This Time Isn't Different
Here we go again. The current situation that the average investor is worried about is essentially no different than previous occurrences of uncertainty in the markets. It's only the names and places that are different.
In addition to the eventual Fed interest rate hike, there is still economic weakness in the emerging world, along with persistent low growth across Europe and Japan. This has made it hard for markets to ignore the impact on earnings and the probability of a global slowdown. Now China's economic growth is slowing down as the country transitions from an economy based off investment, to a consumption based economy like the United States. This slowdown is also affecting the economies of China's neighbors and it is making investors skittish around the world. However, this should be expected. Overall market uncertainty isn't desired by an investor who chases returns, which is why we are seeing so many people head for the exits.
As a result, the markets are officially in correction territory after they started falling since mid-July. As we've said before, this should be expected. The market goes up and the market goes down - even as this information is being communicated to you, our US market Dow futures surged 600 point up, after yesterday's drop.

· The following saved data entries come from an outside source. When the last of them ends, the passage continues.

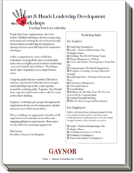 These workshops make a great addition to team retreats and most topics are also offered as speaking engagements. Are you giving the members of your leadership team the opportunities they need to fully develop their talents? Even a single 1/2 day workshop can take them to a new level. Call or write today to learn more.
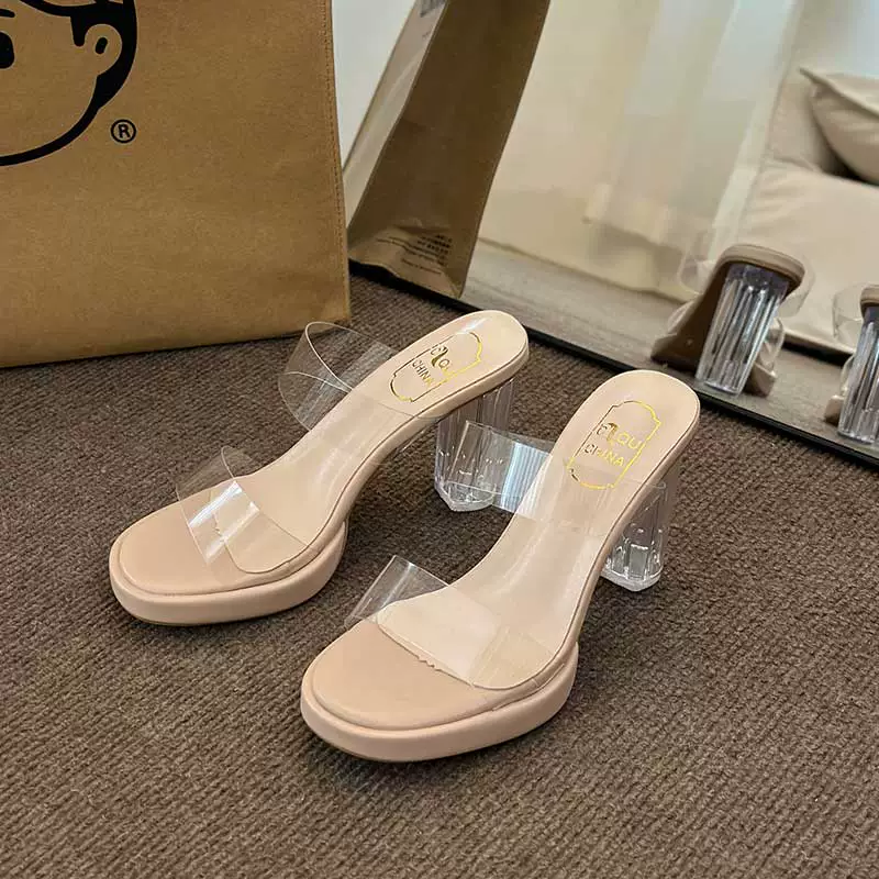 Summer Fairy thick heel niche high-end crystal slippers
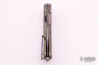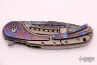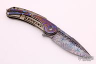 This Full Custom Bodega flipper by Todd Begg features a blued Damascus blade with a false top edge. The handle has an anodized and cracked ice finished titanium frame with MokuTi inlays with cracked ice finished titanium backspacer, MokuTi tip up pocket clip with ball bearing. Includes IKBS (Ikoma-Korth Bearing System) for smooth and fast opening that requires no wrist action. Outstanding work. Excellent condition. Includes a zippered case. This knife was featured on the TV Show "Blade Brothers" and showed Todd making this knife.
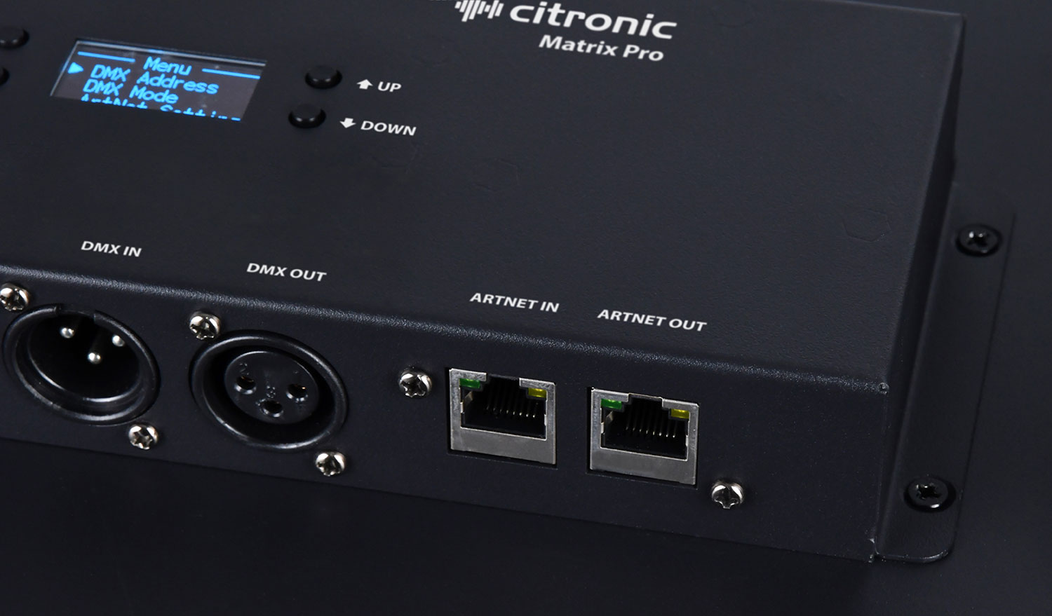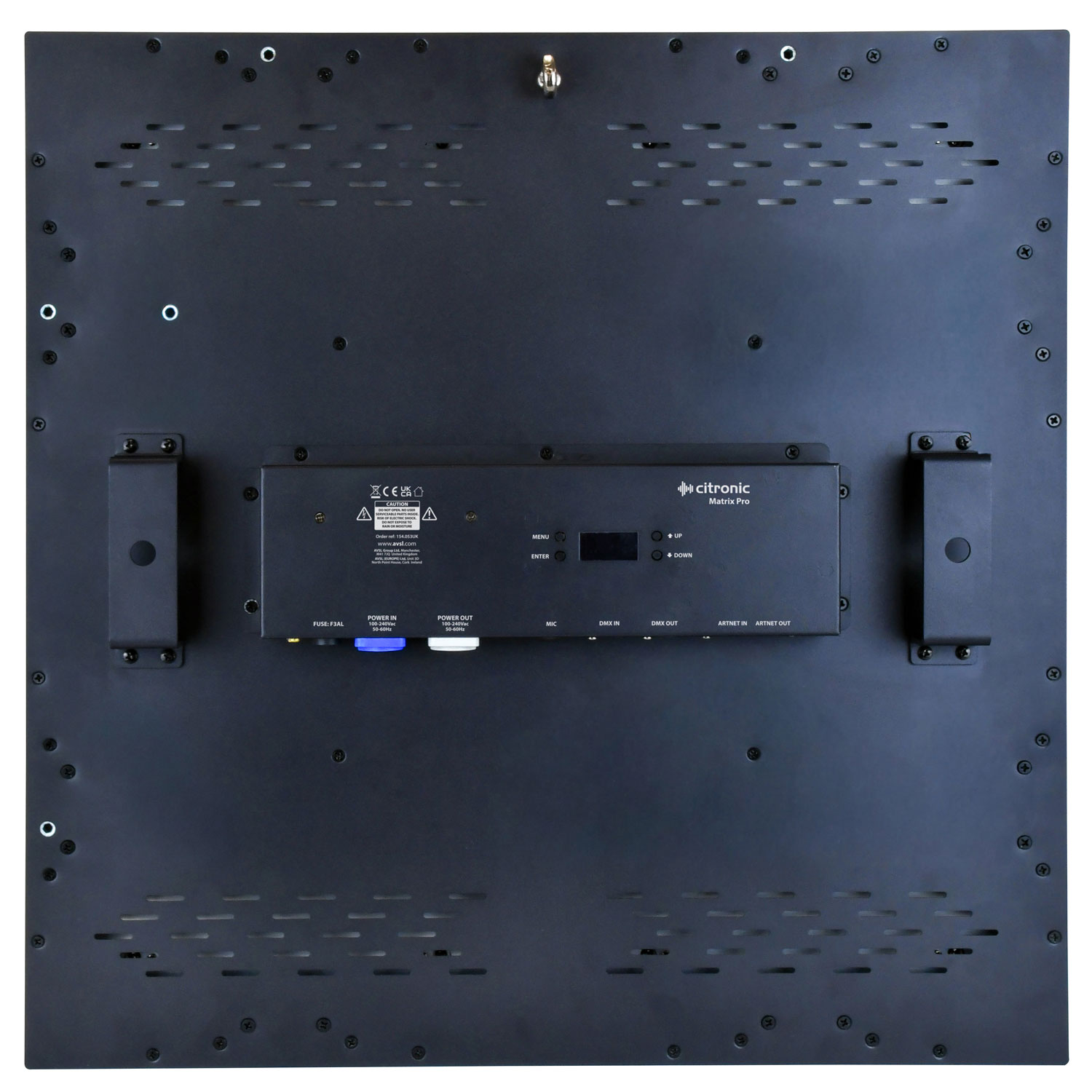 Powered by 500pcs of high output SMDs, the Citronic Matrix Pro can produce a vast array of colourful moving effects and washes. Internal auto, sound activated, and static programs can easily be controlled by the digital control panel on the back of the unit, alternatively the Matrix Pro can be operated remotely by Art-Net or DMX in either 3, 5, 20 or 300 channel modes if required. Intelligent fan control and temperature protection keep the unit cool during longer operations and twist and lock power connections complete the professional outlook. The Matrix Pro can be mounted on trussing in any direction using the provided quick release fixing clamps. Integrated connections on all 4 sides also allow the fixture to be quickly connected to multiple units producing an amazing wall of brilliant colors, ideal for stage backgrounds and larger events.
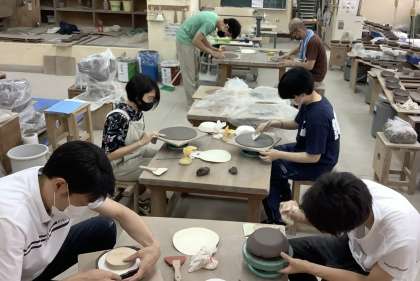 午前中,学校の陶芸専攻実習室に生徒12名,教職員2名が集い,陶芸専攻の指導教員の下,販売するお皿を次々に作製しました。
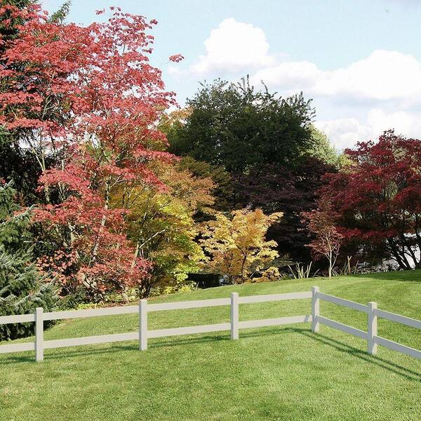 • Tan Ranch 2-Rail line post made of durable, low-maintenance vinyl
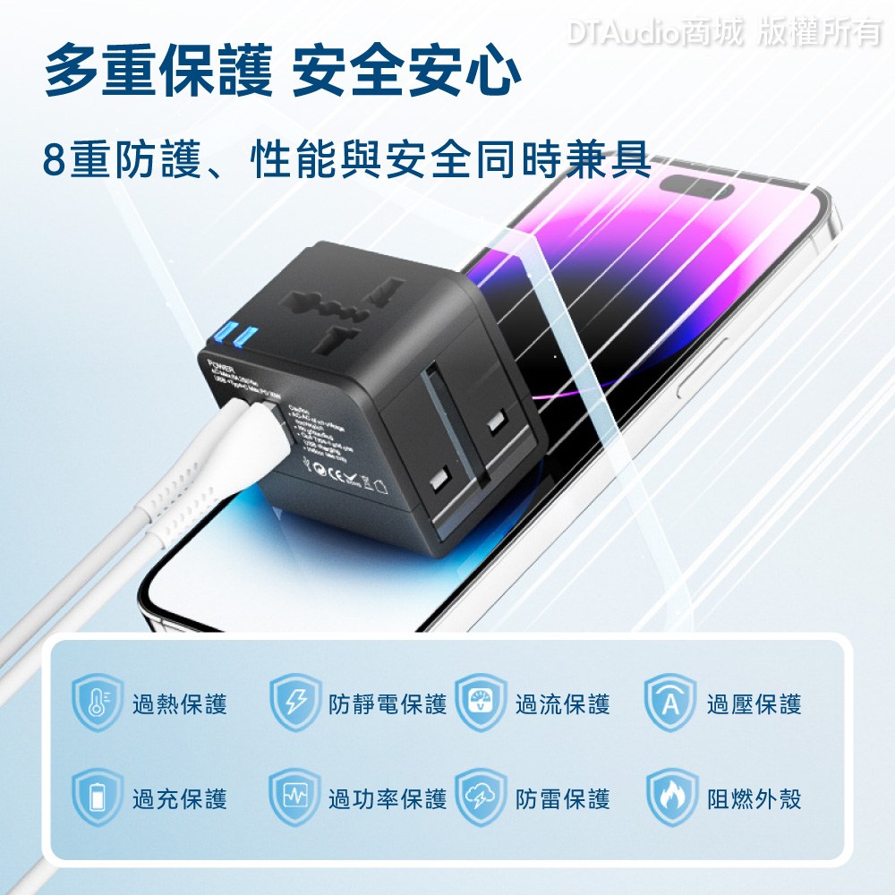 這款萬國旅行充電器是您環遊世界的最佳夥伴。它不僅支援全球180多個國家和地區的插座標準,讓您的MacBook Pro在短短2小時內即可充滿電。可同時為多個設備充電,解決您的充電需求。內置可恢復性保險絲和多重安全保護機制,包括過溫、過流、過壓、過充、短路和過載保護,確保您和您的設備安全無虞。黑色外觀簡約時尚,體積小巧方便攜帶,是您旅行時不可或缺的充電神器。
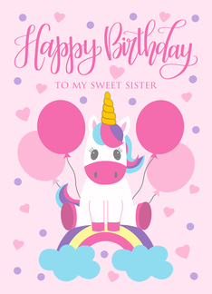 Birthday Sister Unicorn Sitting On Rainbow Surrounded By Balloons

No one knows where it will go today, next week, or next month. However, historically, we've seen that the long term trend is up. No matter how much fuel the media dumps on this latest fire to induce panic and selling, as a long term and evidence based investor, you know that panic and fear doesn't cause losses. Selling to avoid pain in a down market does.

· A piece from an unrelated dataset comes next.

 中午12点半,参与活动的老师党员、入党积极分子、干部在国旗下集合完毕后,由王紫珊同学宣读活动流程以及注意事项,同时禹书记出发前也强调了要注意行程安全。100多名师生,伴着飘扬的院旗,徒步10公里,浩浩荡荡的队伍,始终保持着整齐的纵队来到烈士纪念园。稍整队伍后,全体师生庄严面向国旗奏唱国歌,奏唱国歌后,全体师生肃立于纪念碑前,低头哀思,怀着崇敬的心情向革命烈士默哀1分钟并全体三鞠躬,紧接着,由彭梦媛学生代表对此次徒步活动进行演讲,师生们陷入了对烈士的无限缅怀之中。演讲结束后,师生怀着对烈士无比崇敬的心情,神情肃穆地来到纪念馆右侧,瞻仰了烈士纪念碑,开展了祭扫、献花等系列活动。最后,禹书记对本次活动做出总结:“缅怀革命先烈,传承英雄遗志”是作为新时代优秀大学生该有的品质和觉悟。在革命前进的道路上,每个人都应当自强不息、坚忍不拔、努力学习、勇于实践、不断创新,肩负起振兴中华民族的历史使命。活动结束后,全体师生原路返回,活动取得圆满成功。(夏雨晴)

Rather than giving into fear because of a market devaluation and volatility, we need to embrace it, we need to use it to our advantage. Volatility gives us the chance to rebalance our portfolios and buy equities when they are cheaper. This allows us to follow the simplest rule of investing: "buy low and sell high". Another benefit of your investment philosophy is diversification and refusing to chase the hottest asset class. For example, China was the best performing market year to date and it has subsequently crashed. The S&P 500 was the best performing asset class last year that everyone sought after, but is now one of the lowest.
Instead of piling all of your assets into these cool and sexy markets, we've stayed the course, stayed globally diversified, and rebalance through-out to minimize the effects of a market correction in regard to your portfolio.
This time isn't different, only the names and places are.